Term Paper: English 409K

Write an essay of about 3000 words (10-12 typed, double-spaced pages) on one of the following topics. Please remember that these are suggested topics only, and that you need to narrow and refine your argument; think carefully about exactly what idea or thesis you want to present in your work. Although this is not necessarily a research paper, I will expect you to do an adequate amount of background reading, and to demonstrate some familiarity or fluency in the theoretical material we have been discussing in class. The main direction that most of these topics suggest involves what Stuart Hall calls "applied theory": making connections between theory and practice, or between culture and cultural critique. Please use the current MLA format for documentation. Due in class on Monday, November 27.

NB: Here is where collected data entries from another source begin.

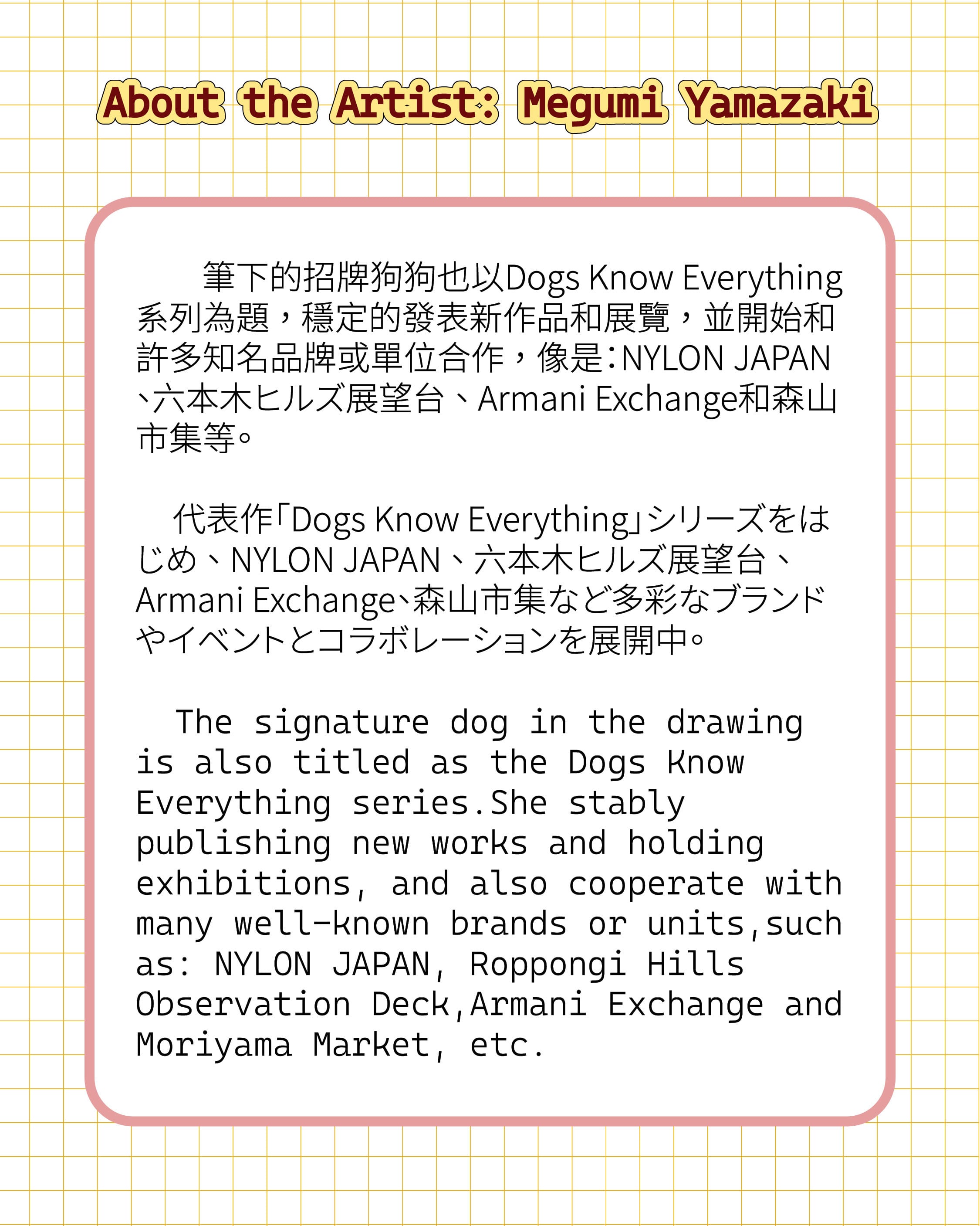 背中にはMegumi Yamazakiの代表的な⽝キャラクターが、
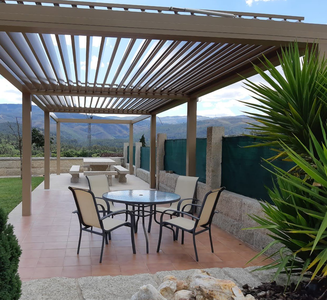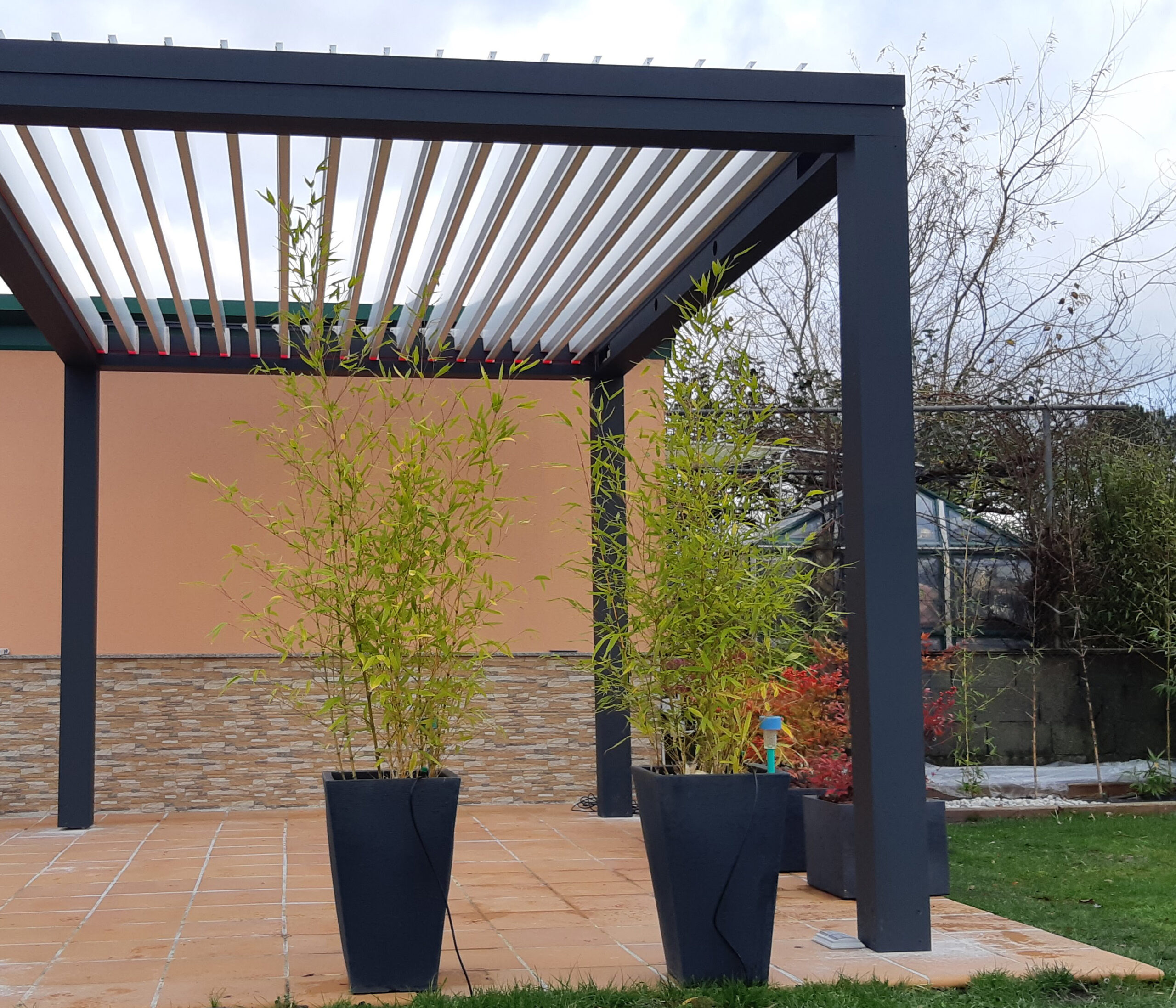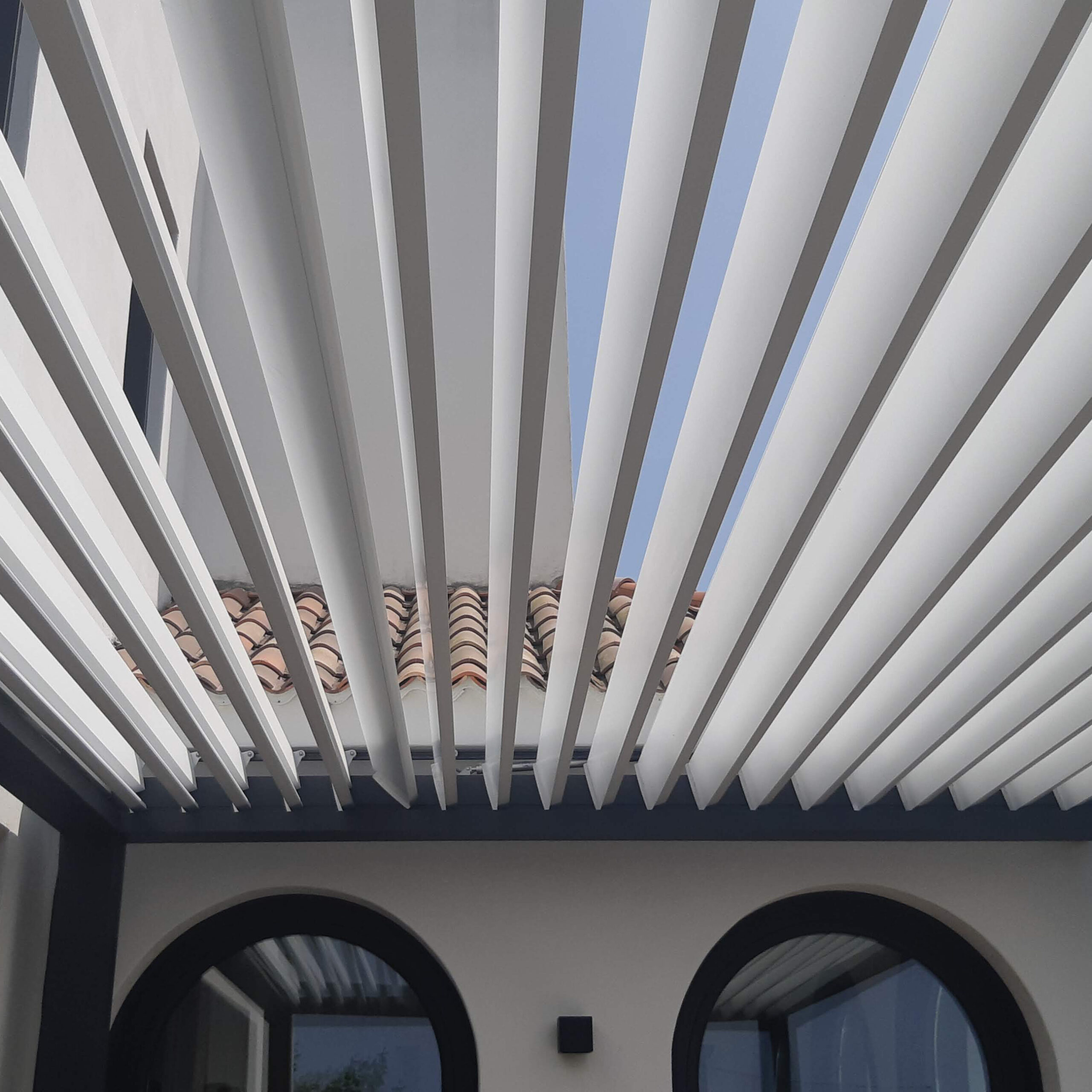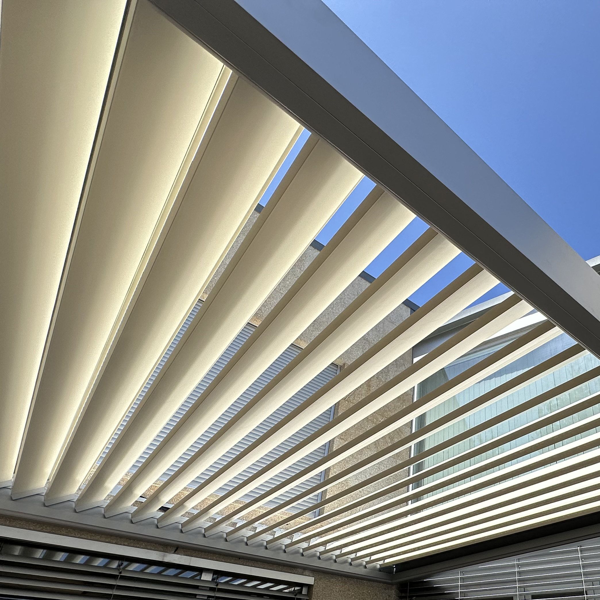 La Pérgola Bioclimática es una estructura de aluminio que le ofrece protección inteligente ante la lluvia, viento, nieve o radiación solar mediante la inclinación de sus lamas.
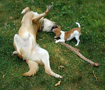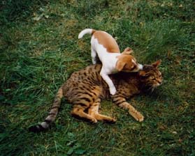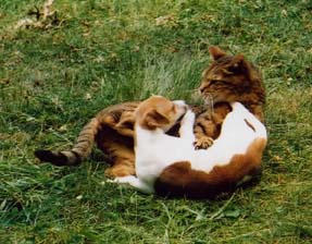 Here is a picture of Kitty and Lou playing. Kitty is the small dog, and Lou is the large cat. Cheryl's song Meow is about Lou.

1. "The construction of stable bodily contours relies upon fixed sites of corporeal permeability and impermeability. Those sexual practices in both homosexual and heterosexual contexts that open surfaces and orifices to erotic signification or close down others effectively reinscribe the boundaries of the body along new cultural lines" (Judith Butler, from Gender Trouble, Norton 2494) Mindful of critical claims such as those made by Butler, here and elsewhere, investigate the writing of the body. What constitutes and / or disrupts those surfaces? How? How are sexual and graphic (writing) "practices" interrelated? What does writing the body look or sound or feel like?

2. Theorize the production or creation of space. What is the relationship among such concepts as space, place, position and location? Howe might such concepts be critically useful? How is the spatial linked to the articulation of race or of class or of gender or sexuality? How exactly are the notions of the public and the private foregrounded and potentially put into question by/in lived spaces?

3. Dick Hebdige focuses on what he calls subcultural style. With reference to some specific counter-cultural or alternative cultural practice, discuss the idea of voice. How are questions of style and subjectivity linked to the description of voices, of having a voice? What exactly constitutes vox populi, the "voice of the people"? How is culture -- or subculture, or popular culture -- enmeshed in modes of public address, or of being heard?

4. Theorize performance. How is performance related to language? Is performativity always linked to physical or material performance? To theatricality? What are the differences between speaking and doing? Does praxis necessarily entail certain kinds of embodiment? How corporeality -- put at issue in the popular sphere?

5. Gayatri Spivak notes that there are two distinct meanings of the word "representation": the first, Darstellung in German, refers to portrature, to representations of someone or something, while the second, Vertretung in German, refers to representations for someone or something, to standing in or proxy (as in representational government). Investigate the nature and practice of representation in a specific context. What is the politics of the image? Of celebrity, for example? How do these two senses of representation collide?

6. Present an overview of the career of one of the cultural theorists on the course syllabus. How does his or her work develop or change? What are the blind spots and preoccupations that characterize this work? In what ways do some of these thinkers blur the boundaries between theory and writing? Between criticism and poetry? How do you read theoretical work as writing?

7. Discuss the connection between pedagogy and critical theory. How and what does theory claim to teach us? What sort of teaching or learning is enabled by theory? What is its rhetoric? Its discipline? How can theory effectively be taught -- even in courses such as this one? What epistemologies are at stake here? What constitutes critical knowledge or knowing?

8. A project of your own devising. Please consult with me before you begin to write.